Why do I obtain different results of PCA using R (princomp), Rcmdr pacakges and SPSS?

I have a data with 27 variable (columns) and 125 samples (rows). I am trying to do some PCA anlaysis using this script:

mydata<- read.csv("Overall.csv", TRUE, ",")
X=cbind (Adj..1_12, Adj..1_13, Adj..1_2, Adj..10_11, Adj..11_12, Adj..12_13, Adj..2_11, Adj..2_12, Adj..2_13,
         Adj..2_3, Adj..3_11, Adj..3_12, Adj..3_4, Adj..4_11, Adj..4_5, Adj..5_10, Adj..5_11, Adj..5_6,
         Adj..6_10, Adj..6_11, Adj..6_7, Adj..6_9, Adj..7_10, Adj..7_8, Adj..7_9, Adj..8_9, Adj..9_10)
res.pca <- princomp(X, scores=TRUE, cor=TRUE)

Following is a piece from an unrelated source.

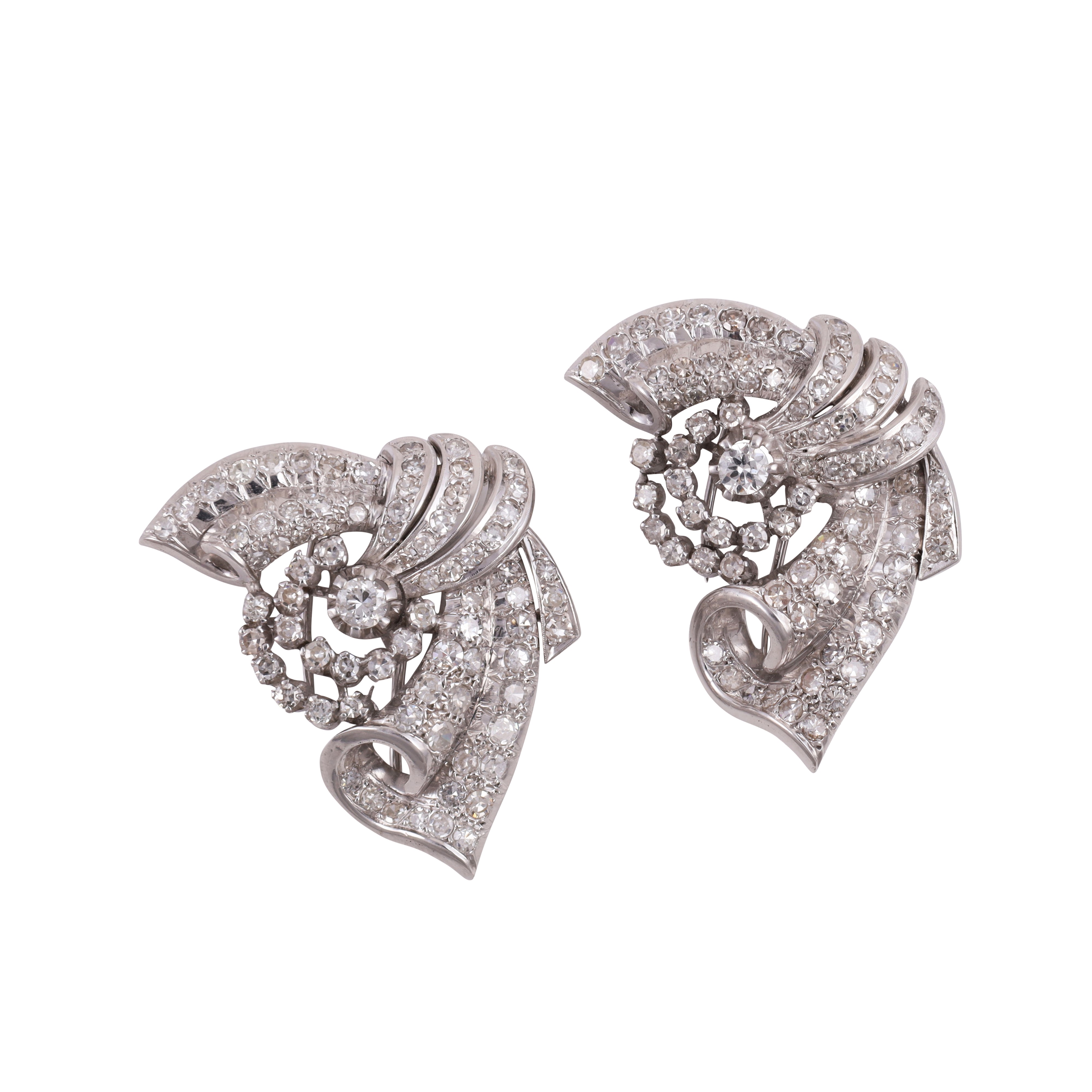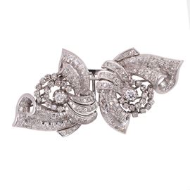 18KT GOLD DOUBLE CLIP BROOCH SET WITH DIAMONDS
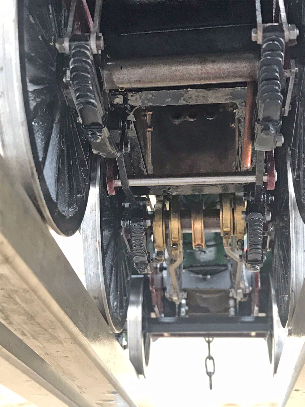 The model is in as new condition having never been steamed, and is actually not quite finished to the point where it could be run yet. Although the silver soldered copper boiler looks solidly made and appears perfectly serviceable, it looks as though at some point Harry decided to finish it off cosmetically for display, even though the time and effort had already been invested making the bottom end and boiler to work. We think it would need a degree of stripping down in order to complete all the finishing off and plumbing jobs to commission it to actually steam. The twin safety valves are a lovely feature of the design, although again, they are currently not made to work, and there is no method of water injection to the boiler fitted or indeed lubrication as yet.

fviz_pca_var(res.pca, col.var="contrib",
             gradient.cols = c("#00AFBB", "#E7B800", "#FC4E07"),
             repel = TRUE, # Avoid text overlapping
             axes = c(1, 2) # choose PCs to plot

But I get different results from the one provided by Rcmdr and SPSS!!! The first (PC1) and second (PC2) principal components explained up to 81.94% and 4.9% respectively by the PCA analysis done with SPSS and Rcmdr package. Whereas using the above-given script provided a PCA plot, which explained up to 46.7% and 5.8% of the data!! Could it be due to a higher number of samples (125 rows)??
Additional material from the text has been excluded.